Ditto when in an Air Florida (that dates it) flight from Fort Myers to Miami. A PanAm 747 had landed in front of us (I was the only passenger as it was Superbowl Sunday and the Dolphins were playing).
The pilot said calmly,
"better hang on. This will get a bit bouncy"
He was so true. Thankfully, the pilot landed the plane very near to the threshold and hit the brakes as per the instructions from ATC.
The irony was that the aforementioned PanAm 747 was the one that I was taking on my flight to London.
never underestimate the turbulence that large objects can cause.
Boeing's problems began when they started positioning Automobile Industry types instead of experienced Aviation Industry executives in the top spots. Plus, they need to remove all but one token bean counter from their board so they stop focusing on the wrong aspects of their problems.
Boeing's problems began when they bought MacDonnell-Douglas and as part of the deal agreed to appoint McD-D board members to run the combined company. Prior to that, Boeing had been engineering-focussed from the top down. McD-D were profit focussed and the smelly stuff started sticking badly when they moved head office from Seattle to Chicago so the C-Suite were no longer in touch with the daily problems.
Actually, Boeing bought only Douglas Aircraft, the large body aircraft manufacturing portion of the company. McDonnel continued separately.
And it wasn't just Board members. Harry Stonecipher was moved from St. Louis to replace Phil Condit as CEO. A few years later, Boeing moved its corporate headquarters from Seattle to Chicago.
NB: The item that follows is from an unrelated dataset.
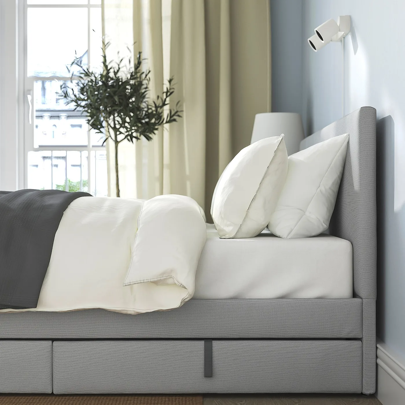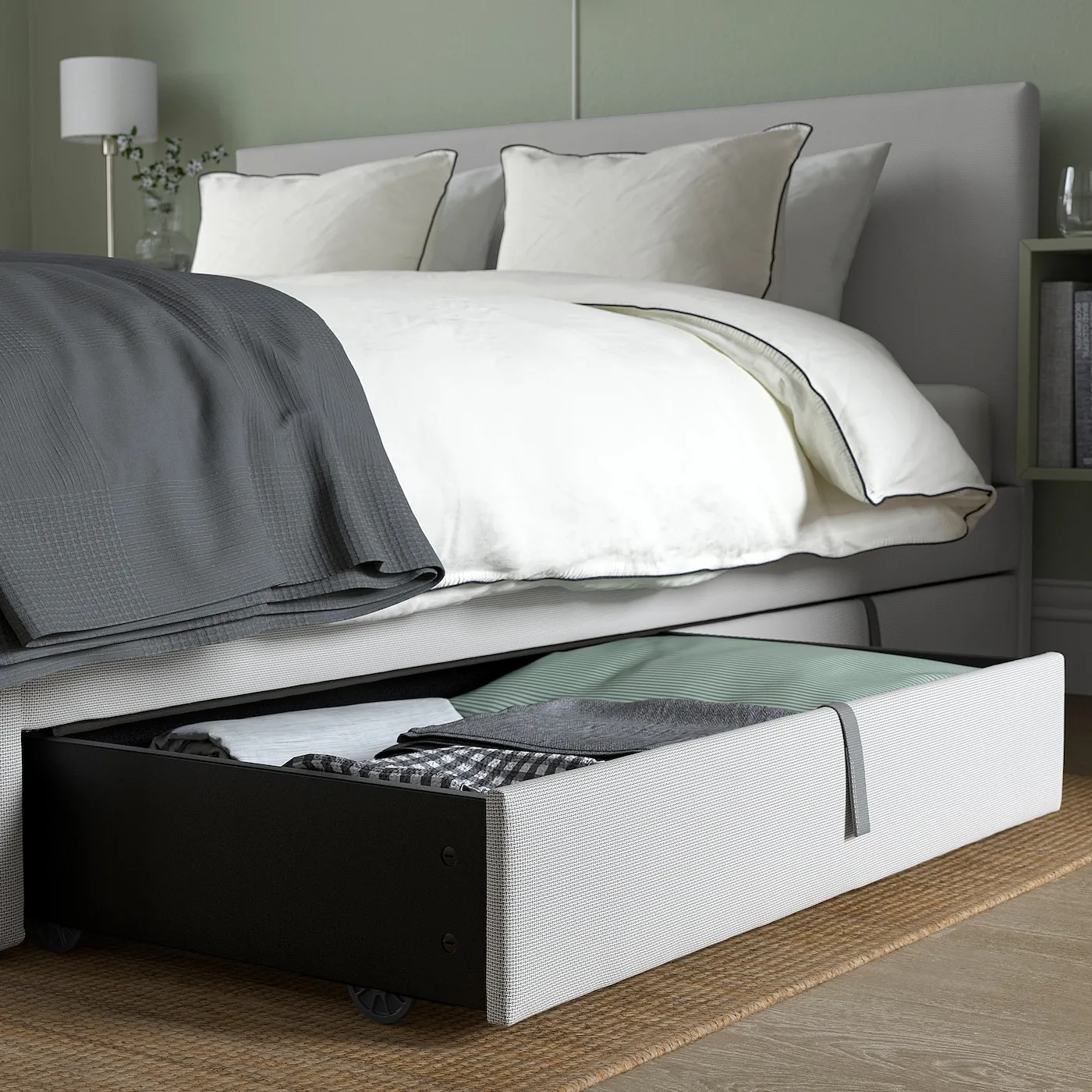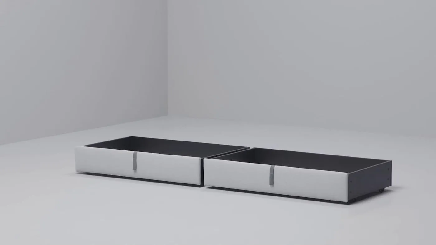 Ящики для хранения имеют такую же обивку серого цвета KABUSA, как и каркас кровати, и идеально подходят по размеру.

I have to ask, which is closer to St. Louis, Seattle or Chicago?
Disclosure: I was a systems engineer at Boeing's Wichita KS facility at the time it all went down.
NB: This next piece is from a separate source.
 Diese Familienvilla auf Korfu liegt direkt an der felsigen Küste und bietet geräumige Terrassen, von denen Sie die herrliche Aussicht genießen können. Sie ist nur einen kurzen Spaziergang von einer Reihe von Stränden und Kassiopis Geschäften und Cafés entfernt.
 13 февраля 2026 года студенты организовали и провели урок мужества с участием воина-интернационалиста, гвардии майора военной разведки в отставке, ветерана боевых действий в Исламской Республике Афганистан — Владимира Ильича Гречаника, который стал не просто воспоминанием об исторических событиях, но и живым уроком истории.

Nope. Boeing's problems started the day the merger with McDonald Douglas was announced. Within five years all the competent senior engineering management was gone. Within ten all the competent engineering expertise had walked out the door.
McDonald Douglas had a very long history of sleaze before the merger. Which has now infected Boeing from top to bottom. Now little more than a brand name. Like AT&T and IBM.
The actual issue here seems to be that a COM/MON issue that caused the main computer to fail was passed on to the first backup computer in the knowledge (well if the designers had thought about it, it would have been in the knowledge) that it would also cause the first backup computer to fail, and would then be passed on to the second backup and cause it to fail too.
The conflict of rudder operation between airborne and landing rules in the circumstances of a wet runway, and presumably some crosswind or a less that perfect three-point landing should have been foreseen and covered. Certainly shutting down a flight control computer due to incompatible input and sending that input directly to another computer which the same input would also shut down is poor design philosophy. The 'fix' should cover all situations like this, not just this specific one.
No, ironically it's a safety interlock that is designed to prevent thrust-reverse deploying in flight.
After this incident, there is a fair chance the reverse thrust will be available for deployment when in alternative "flight" mode with weight on the main landing gear.
There will always be people who are flying airplanes, even if there wouldn’t be any pilots onboard to fly the plane…. Because the automations that would fly the plane is still written by people.
Personally I don’t think that we will see big airplanes without pilots on board, there have been too many times where automation fails. Yesgg pilots aren’t perfect, they are still human. Same thing with programmers, it is the combination that works best. Is it perfect, no, no solution is.